BOTH PARTIES are fully aware that the American presidential race has begun and that Barack Obama is busy trying to save his job, mostly by trying to save the US (and global) economy while having to deal with a Congress which rejects every legislative initiative he presents.

The American house is deeply divided and Obama is viewed in America as a weak and disappointing president, and even weaker in the international community when it comes to dealing with global problems. Europe’s attention is also focused inward with the Eurozone in danger of breaking apart and several key economies on the verge of collapse. Russia is not very interested in really playing a peacemaking role between Israel and Palestine; it has been proposing to hold an international conference in Moscow for at least six years and will probably continue that line for years to come. The Quartet’s special envoy is close to being declared a persona non grata by the Palestinians as he is seen as supporting the Israeli position and lately has been accused (rightly or wrongly) of having an affair with an Israeli businesswoman. Both Abbas and Netanyahu are keenly aware that the Quartet has no real mechanism to apply pressure, or even to mediate between them.

At a time when these two leaders enjoy more popular support at home than ever before, oddly there is little confidence in both of their societies in their ability to deliver anything on the most important issue that they have to deal with. In this political environment, locally and internationally, it is impossible to publicly negotiate Israeli-Palestinian peace. It is possible to generate a lot of attention, to create headlines in the local papers every day and to provide a sideshow for the international press from time to time while the rest of the world deals with other problems.

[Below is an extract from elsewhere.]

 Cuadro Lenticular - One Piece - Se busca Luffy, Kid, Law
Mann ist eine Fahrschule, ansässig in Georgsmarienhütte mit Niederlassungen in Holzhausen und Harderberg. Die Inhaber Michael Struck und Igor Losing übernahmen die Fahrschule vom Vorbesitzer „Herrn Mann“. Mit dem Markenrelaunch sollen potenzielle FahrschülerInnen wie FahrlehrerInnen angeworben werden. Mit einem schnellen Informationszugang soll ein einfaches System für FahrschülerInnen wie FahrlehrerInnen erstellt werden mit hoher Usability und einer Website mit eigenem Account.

It is true that without a strong US president, finalizing and implementing an Israeli-Palestinian peace deal will be almost impossible. Time is not on the side of peace. The US is neutralized until after the November 2012 elections (if Obama wins, and until after January 2013 if he does not). After the US elections, Israel will move into elections frenzy (if elections are not advanced). Can the current status quo last until then? Personally I doubt it. Time does not stand still in this conflict.

What is needed more than ever before, and perhaps the only avenue left for avoiding the eventual breakdown into another round of violence is a secret track of direct Israeli-Palestinian negotiations. That will only happen when the two leaders come to terms with the reality that they have absolutely no other better option to not negotiating with each other. Because both men know that there can be no peace without negotiations, because they know that the calm will not last indefinitely, because they know there is no other strategic alternative to protect the national interests of their people, they have to return to the negotiating table. These two popular leaders can use their leadership and their popularity to do what they both know must be done, or they can continue to say “yes, but.”

The writer is the founder and co-director of IPCRI, the Israel Palestine Center for Research and Information, he hosts a weekly radio show in Hebrew on All for Peace radio, and a voluntary columnist for The Jerusalem Post.